Yes, only one transport should be tested at a time, to avoid the possibility of bad transports revealing the IP addresses of the good ones by testing them in combination.
If we follow BridgeDB's spec, [1] and we allow wish for the logic controlling how Tor Browser users are handled to be separate (and thus more maintainable), then this will require a new bridge Distributor, and we should probably start thinking about the threat model/security requirements, and behaviours, of the new Distributor. Some design questions we'll need to answer include:
Should all points on the Distributor's hashring be reachable at a given time (i.e., should there be some feasible way, at any given point in time, to receive any and every Bridge allocated to the Distributor)?
Or should the Distributor's hashring rotate per time period? Or should it have sub-hashrings which rotate in and out of commission?
Should it attempt to balance the distribution of clients to Bridges, so that a (few) Bridge(s) at a time aren't hit with tons of new clients?

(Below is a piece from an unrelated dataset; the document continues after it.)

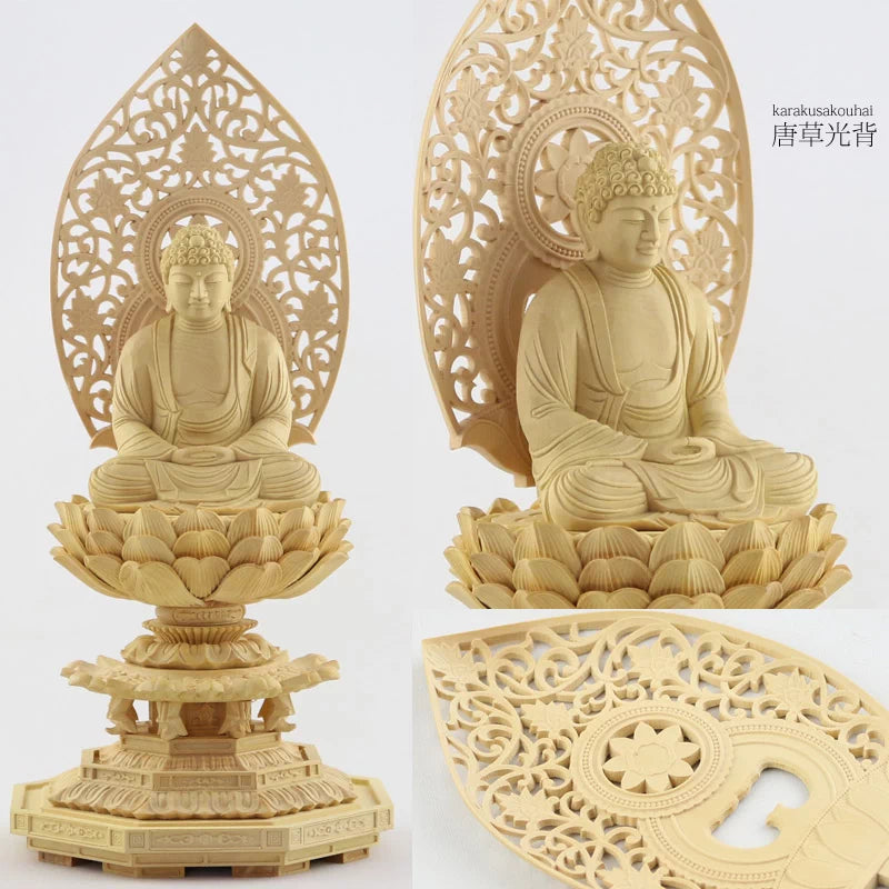 本柘植仏像 上彫り 八角台座 座釈迦 【曹洞宗・臨済宗・禅宗】:1.8寸 / 切金 / 唐草光背

Should it treat users coming from the domain front as separate from those coming from elsewhere? (Is is even possible for clients to come from elsewhere? Can clients use Tor to reach this distributor? Can Tor Browser connect directly to BridgeDB, not through the domain front?)
If we're going to do autoprobing, should it still give out a maximum of three Bridges per request? More? Less?
Personally, I think the domain fronting distributor should behave identically to the closest equivalent distributor that isn't domain fronted, both to reduce implementation complexity, and to keep the system easy to reason about.
Before RBridge is implemented, this would mean using the X-Domain-Fronted-For header's IP address as if it were the real IP address, and index into the hashrings in the same way as we do with the web distributor.
I could see an argument that the set of bridges held by the domain fronting distributor should be kept separate from the web distributor, because heck, way more people should be able to access the domain fronted version, and maybe we want to drastically reduce the web distributor's pool because nobody can reach it (except for whitelisted scrapers and people who don't really need bridges).
However, if you do keep the domain front pool separate from the web distributor pool, you should ensure that you also properly handle the case where Tor IP addresses appear in the X-Domain-Fronted-For header. Again, for this case, I think the simplest answer is "use the same rules as the current web distributor does", though if the domain front pool is separate, perhaps the Tor fraction should be much smaller.
Would you and/or Isis be able to work on this on the backend? If not, can either of you recommend someone that might be able to help with the domain fronting bits and other bits involved?
I'm in. Yawning mentioned wanting to work on this too. :)
Great!